The Dow Jones industrial average fell 200 points, or just under 1 percent at the open. The S&P 500 and the Nasdaq are both off by 0.5 percent.

Tariffs imposed by the world’s two biggest economies are set to take effect on July 6, ratcheting up a trade dispute that has been simmering for months. President Donald Trump has announced a 25 percent tariff on up to $50 billion of Chinese products. China is retaliating by raising import duties on $34 billion worth of American goods, including soybeans, electric cars and whiskey.

The heightened tensions are creating increased uncertainty for U.S. businesses that operate internationally, and there are fears that rising prices and supply chain disruption will in turn hurt consumer confidence. 

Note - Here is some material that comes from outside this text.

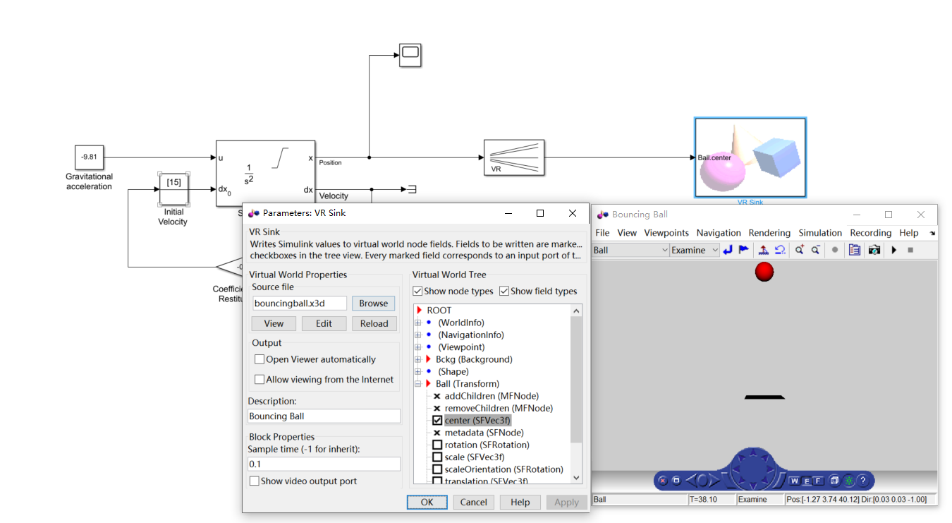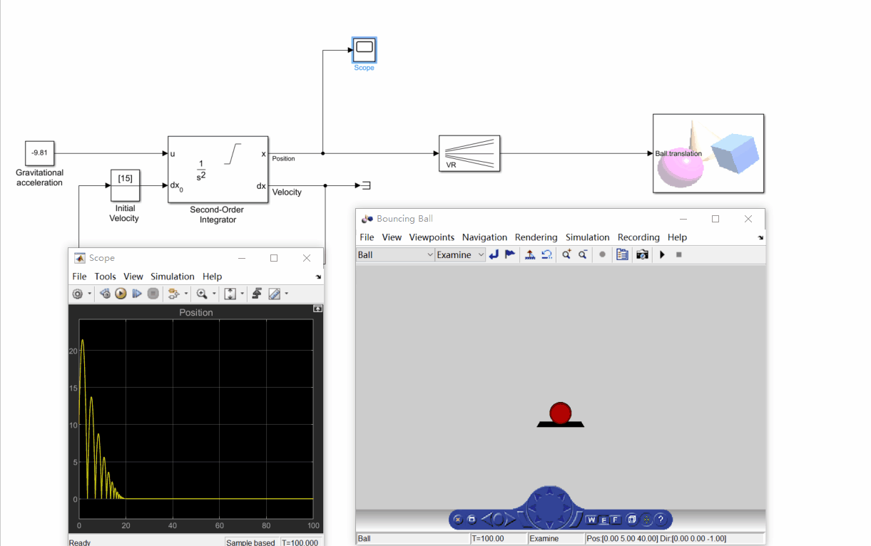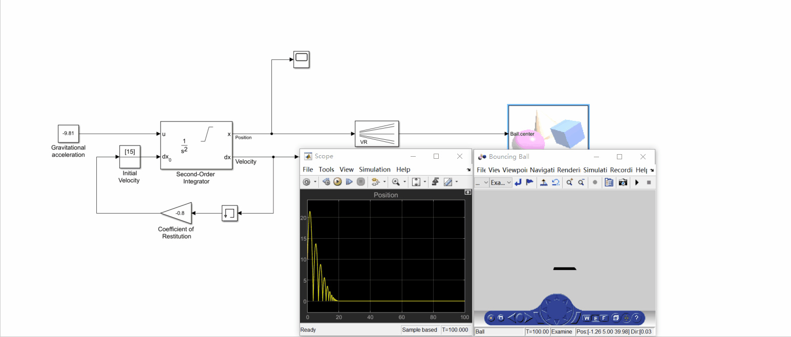 可以看到小球总是穿过了地面一半,猜测是因为初始位置未考虑到小球本身的直径,因此这里把初始位置提高3,再次进行仿真:

“Individual US sectors ranging from agriculture to aerospace are vulnerable to retaliation by China. Thus the growth and inflation impact on the US economy will depend in large part on China’s response, as well as the impact trade tensions have on global growth,” Madhavi Bokil, senior credit officer at Moody’s, said in a note on Friday.

Losses were across the board. Machine maker Caterpillar shed 1.3 percent, chip maker Intel dropped 3.2 percent and biotech company Biogen dropped 4.6 percent.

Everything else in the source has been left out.